Collected data entries
_ _ _ _ _ _ _

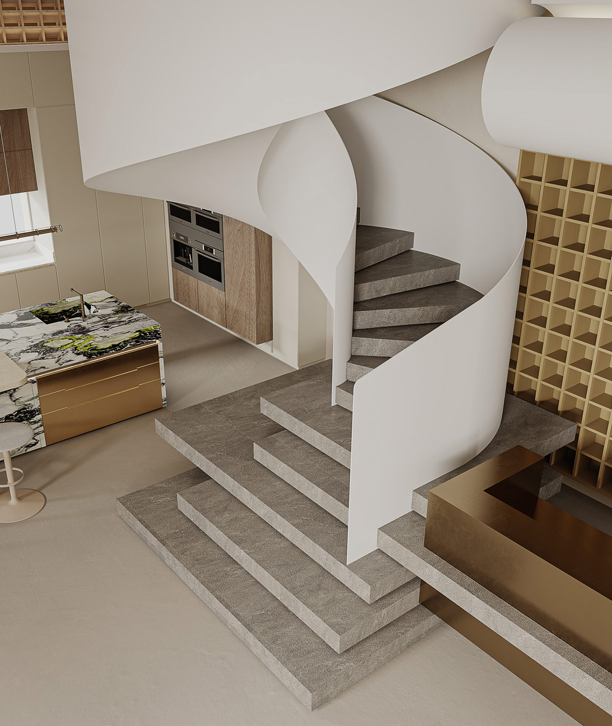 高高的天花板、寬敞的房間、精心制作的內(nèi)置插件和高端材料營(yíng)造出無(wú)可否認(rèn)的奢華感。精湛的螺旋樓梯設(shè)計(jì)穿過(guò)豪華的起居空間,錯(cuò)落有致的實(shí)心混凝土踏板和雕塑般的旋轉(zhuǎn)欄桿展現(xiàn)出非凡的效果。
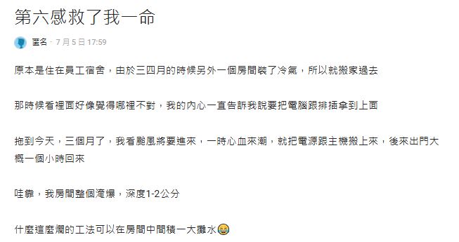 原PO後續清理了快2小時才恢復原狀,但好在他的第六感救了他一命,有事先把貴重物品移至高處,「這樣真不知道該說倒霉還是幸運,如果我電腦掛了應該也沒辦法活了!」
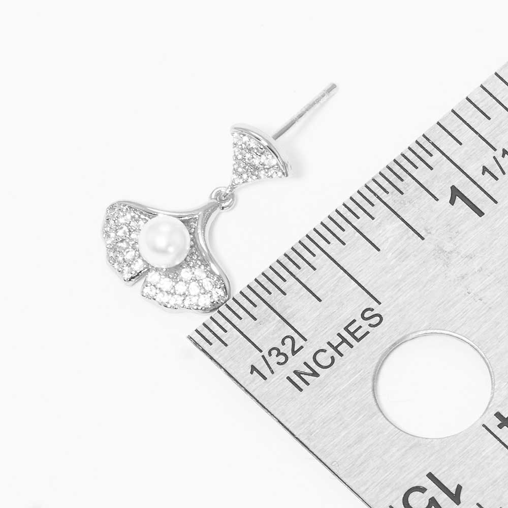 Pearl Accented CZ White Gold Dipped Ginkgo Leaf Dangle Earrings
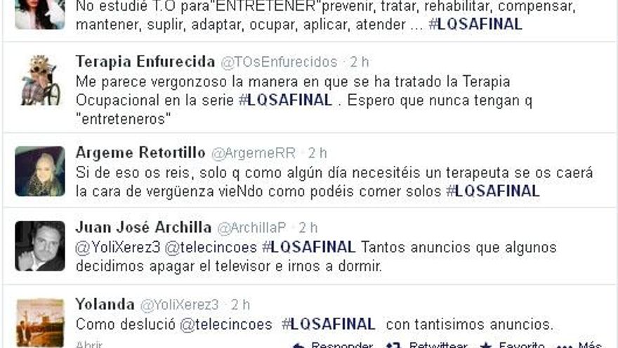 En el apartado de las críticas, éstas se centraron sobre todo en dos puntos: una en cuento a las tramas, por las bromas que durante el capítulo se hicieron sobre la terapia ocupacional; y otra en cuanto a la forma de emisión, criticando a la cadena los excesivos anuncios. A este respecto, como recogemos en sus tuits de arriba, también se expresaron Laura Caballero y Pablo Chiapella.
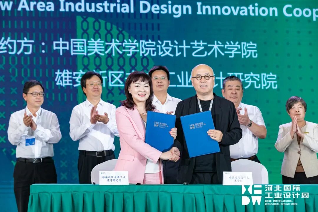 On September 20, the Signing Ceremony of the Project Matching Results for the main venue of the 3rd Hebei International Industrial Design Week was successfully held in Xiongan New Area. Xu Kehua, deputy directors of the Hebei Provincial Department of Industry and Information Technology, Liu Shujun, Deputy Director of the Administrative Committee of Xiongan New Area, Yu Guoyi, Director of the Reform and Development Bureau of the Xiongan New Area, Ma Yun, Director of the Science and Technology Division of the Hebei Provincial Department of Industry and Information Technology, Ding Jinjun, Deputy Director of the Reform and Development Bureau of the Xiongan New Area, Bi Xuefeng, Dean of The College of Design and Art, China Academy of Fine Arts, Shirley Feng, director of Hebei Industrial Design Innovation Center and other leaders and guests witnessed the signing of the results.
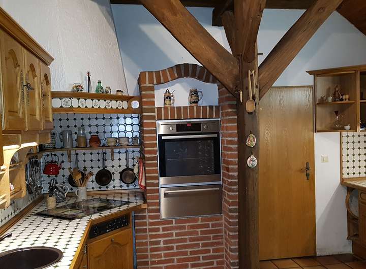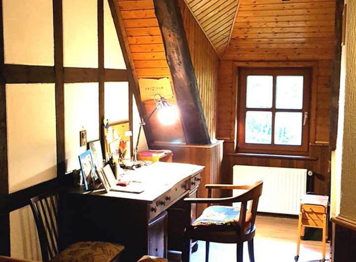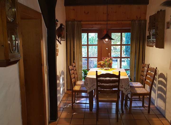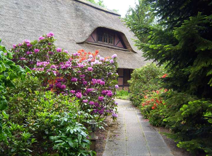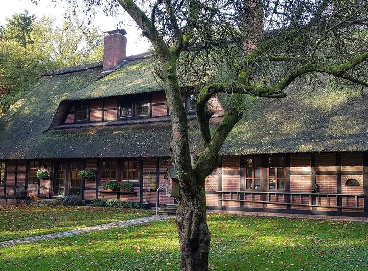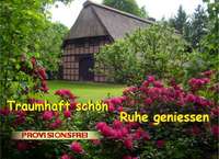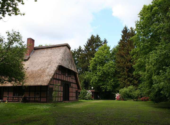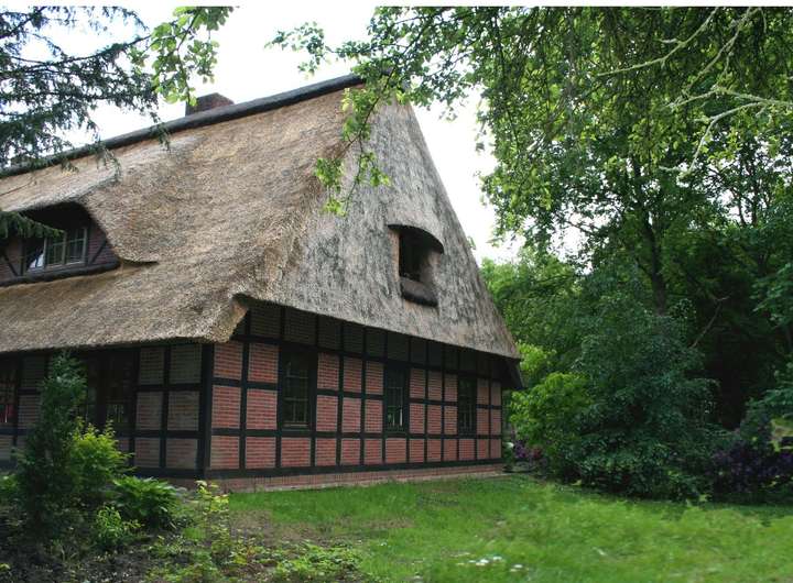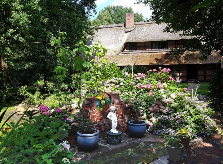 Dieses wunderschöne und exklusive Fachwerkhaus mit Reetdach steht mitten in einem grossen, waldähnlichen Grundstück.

_ _ _ _ _ _ _

*Instructions to follow*: Return word for word the lines from the beginning of the entries through the line that contains "Pearl Accented CZ", both ends included, but no pictures.

*Answer for this exercise*:
 高高的天花板、寬敞的房間、精心制作的內(nèi)置插件和高端材料營(yíng)造出無(wú)可否認(rèn)的奢華感。精湛的螺旋樓梯設(shè)計(jì)穿過(guò)豪華的起居空間,錯(cuò)落有致的實(shí)心混凝土踏板和雕塑般的旋轉(zhuǎn)欄桿展現(xiàn)出非凡的效果。
 原PO後續清理了快2小時才恢復原狀,但好在他的第六感救了他一命,有事先把貴重物品移至高處,「這樣真不知道該說倒霉還是幸運,如果我電腦掛了應該也沒辦法活了!」
 Pearl Accented CZ White Gold Dipped Ginkgo Leaf Dangle Earrings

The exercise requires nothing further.